A day for remembrance

I guess everyone remembers where they were when 9/11 happened. I was working in the House of Commons at the time, just the length of a corridor away from Big Ben, while my wife and I were living in Docklands, a stone's throw away from another potential terrorist target, Canary Wharf.

A colleague hurried back from lunch to say a plane had just crashed into the World Trade Centre. We switched over to Sky News in our room in the Press Gallery and watched as the plumes of smoke rose from the first tower, convinced we were watching the aftermath of a terrible accident.

Then the second plane appeared. "Look, there's another one!" exclaimed a regional newspaper colleague. Almost as he said it, the other plane smashed into the second tower.

I don't think any of us could quite believe what was happening. For a moment, there was silence in the room, then someone said slowly "That was deliberate," and we all hit the phones to our head offices.

Of course it went without saying that the world had changed in an instant, but what I don't think we all fully appreciated at the time was how much British politics had changed too, kicking off the chain of events that was to destroy Tony Blair's once-promising premiership.

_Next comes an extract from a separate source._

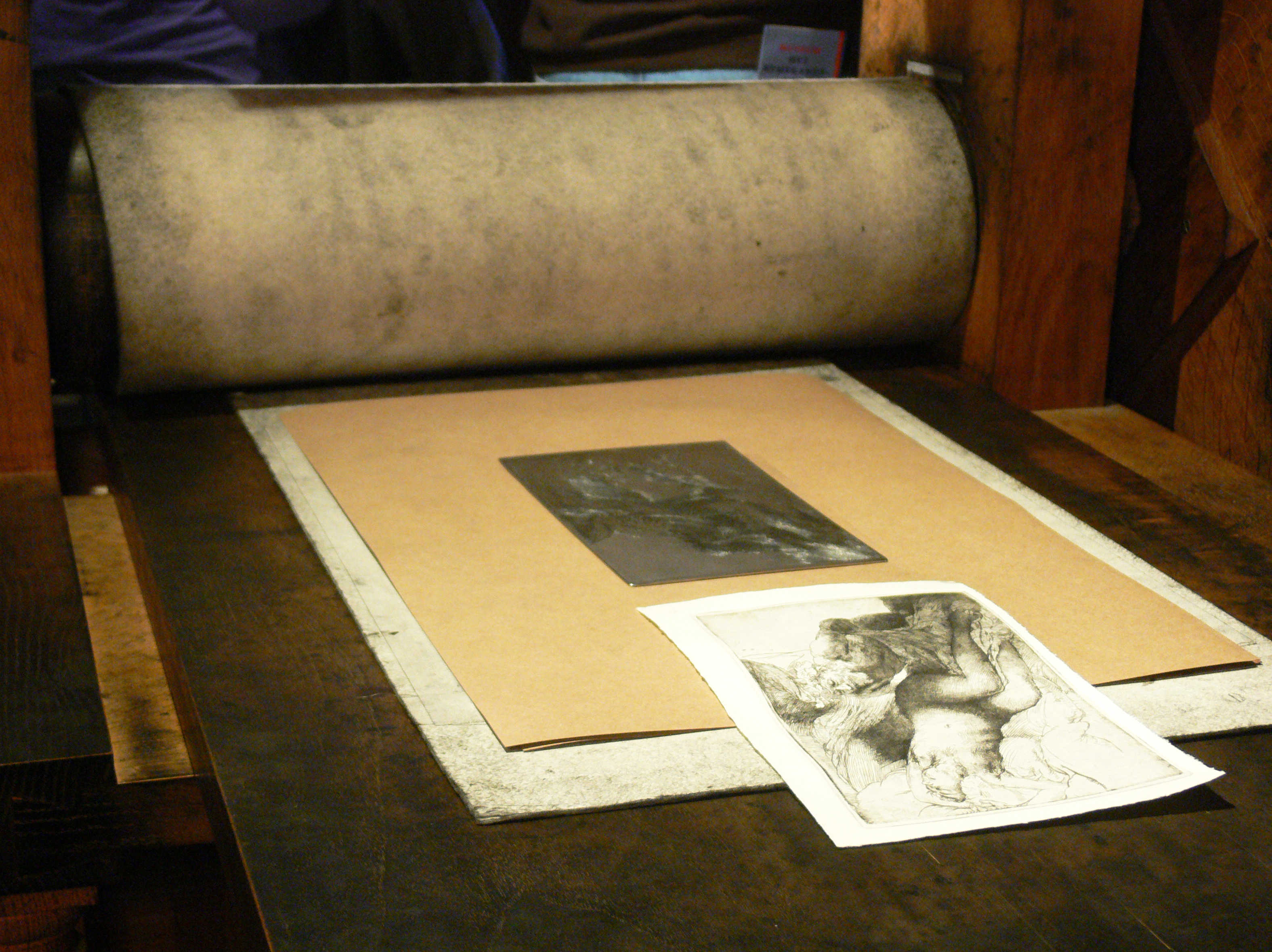 Rembrandt House Museum, printing studio

Mr Blair had been due to give a speech to the TUC that day in which he would mount a vigourous defence of the Government's public service reforms. Of course the speech was never delivered, and somehow the raison d'etre of a government that had come into power to improve the public services got lost along the way too.

But personal reminiscences and political consequences aside, it is right that, above all today, we remember those who lost their lives.